LangSmith has launched Sandboxes, a new feature providing hardware-virtualized microVMs designed to give AI agents a secure computing environment. Sandboxes allow agents to execute dynamic tasks, manage persistent state, and run complex workflows without compromising production infrastructure. This feature directly addresses the security risks of running untrusted, LLM-generated code by isolating execution within secure, lightweight virtual machines.

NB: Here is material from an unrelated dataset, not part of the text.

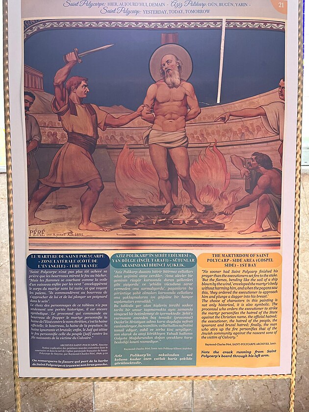 Svatý Polycarp ze Smyrny je i v kostele v Ravenně mezi slavnými raně křesťanskými mučedníky a našla jsem i moderní kostel v Los Angeles zasvěcený svatému Polycarpovi. Ale nejstarší křesťanský kostel ve Smyrně, který je možné vidět, je až ze 17. století z popudu Francie, asi kvůli tomu, že do Francie konkrétně Massalie dnešní Marseilles se dostalo křesťanství díky misionářům přímo ze Smyrny.

• LangSmith introduced Sandboxes, which are hardware-virtualized microVMs designed for AI agents.
• The Sandboxes provide a secure computing environment to execute dynamic tasks and run complex workflows.
• The feature allows agents to manage persistent state without compromising production infrastructure.
• Sandboxes are designed to mitigate the security risks associated with running untrusted code generated by LLMs.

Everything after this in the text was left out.